Ewan thinks this is a bad chip and/or outlier by histone analysis

BCL3

Ewan's thinks this is a bad chip; so does Anshul and Peggy

BRF4

Ewan thinks this is a bad chip and/or an outlier by histone analysis

NR4A1

Definitely a failed chip (Anshul)

Ewan thinks this is a bad chip and/or an outlier by histone analysis

p300

Pouya: "Known" motif for p300 on http://www.broadinstitute.org/~pouyak/motif-disc/human/ likely does not represent a true DNA binding specificity for p300. The discovered motifs appear to be for cell-type specific regulators.

TR4

Ewan thinks this is a bad chip and/or outlier by histone analysis.

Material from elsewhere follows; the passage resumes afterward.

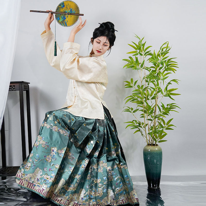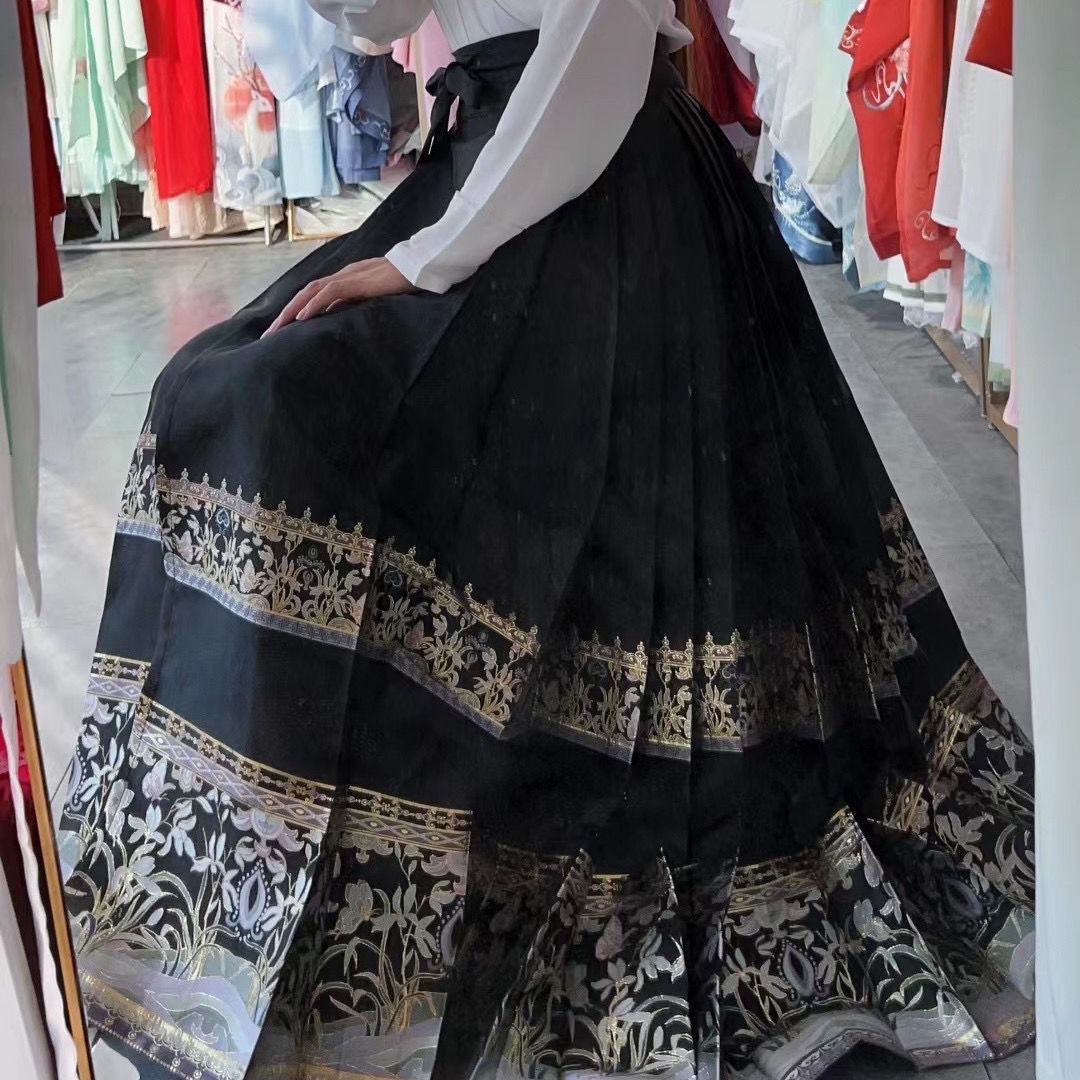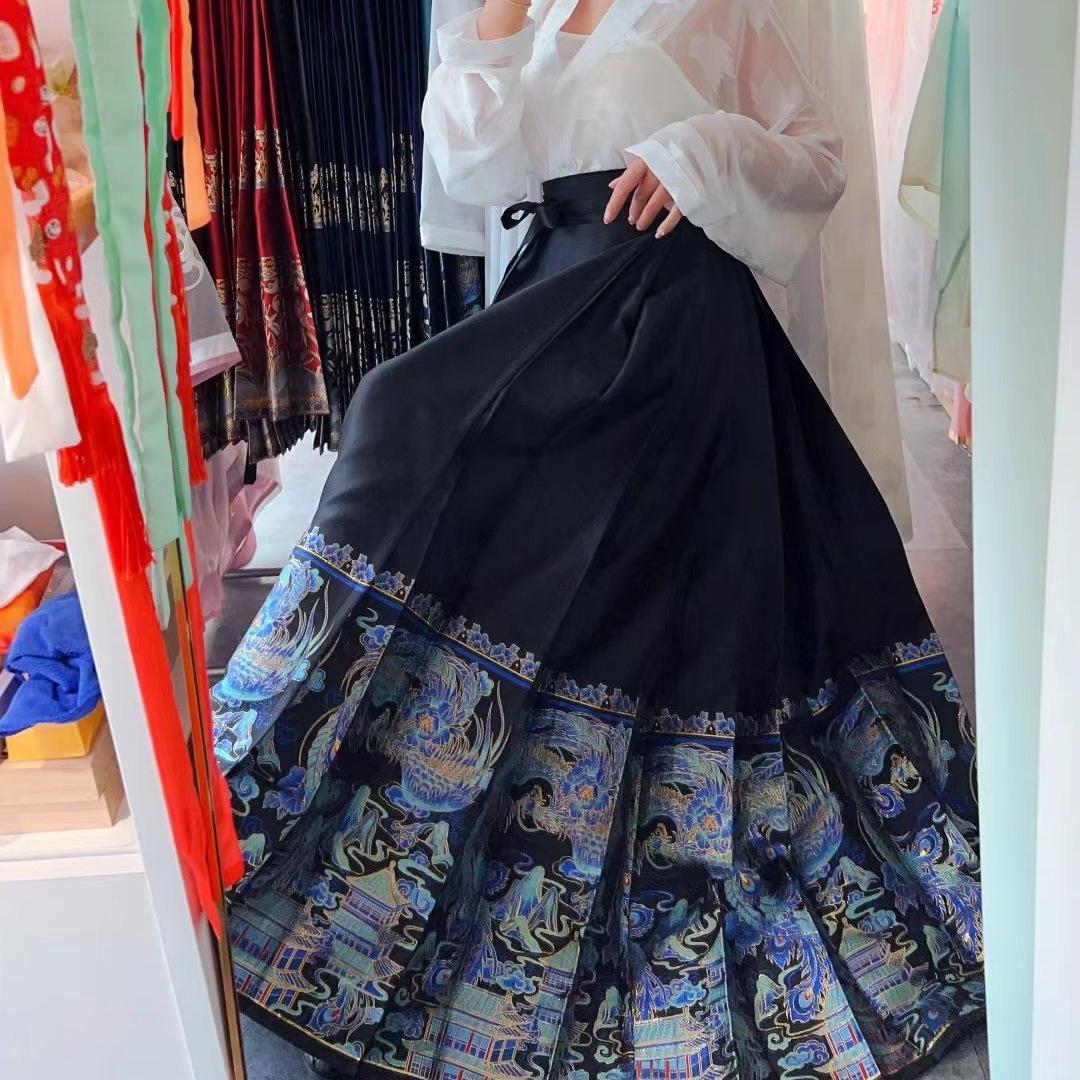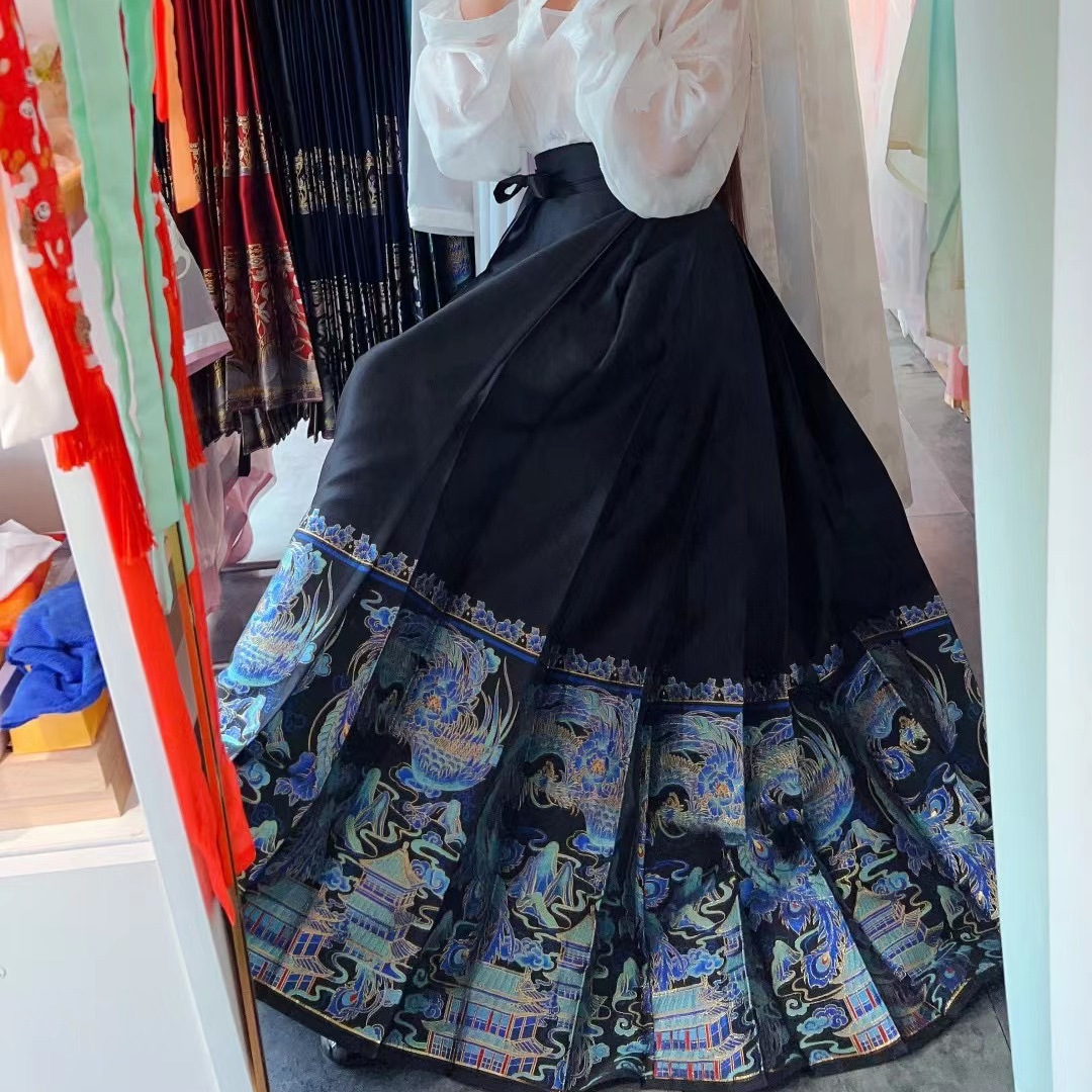 Ретро Макияж Цветок Новая Улучшенная юбка макси в китайском стиле тяжелая промышленность Волшебный Цвет Тканая Золотая макси юбка китайский стиль ханьфу женские ежедневные пригородные

Peggy: Which TR4 dataset are we talking about? We have shown in our published paper (BMC Genomics. 2010 Dec 2;11:689.) that the K562 TR4 peaks are over the start site, in between the two nucleosome peaks. Does the histone analysis down by ENCODE not agree with this? I just looked at our TR4 data. We have peaks in 4 cell types and they all overlap significantly. The peaks are all right over the start site in K562, HepG2, GM12878, and Hela. Note that these were all done so long ago that they are hg18; we should check to make sure the liftover worked correctly.

SIN3A

This has high H3k79me2 data. Mike notes this paper:


SIN3B and transcribed regions (SIN3b is a sin3a paralog, I think):

Mol Cell Biol. 2011 Jan;31(1):54-62. Epub 2010 Nov 1. A novel mammalian complex containing Sin3B mitigates histone acetylation and RNA polymerase II progression within transcribed loci.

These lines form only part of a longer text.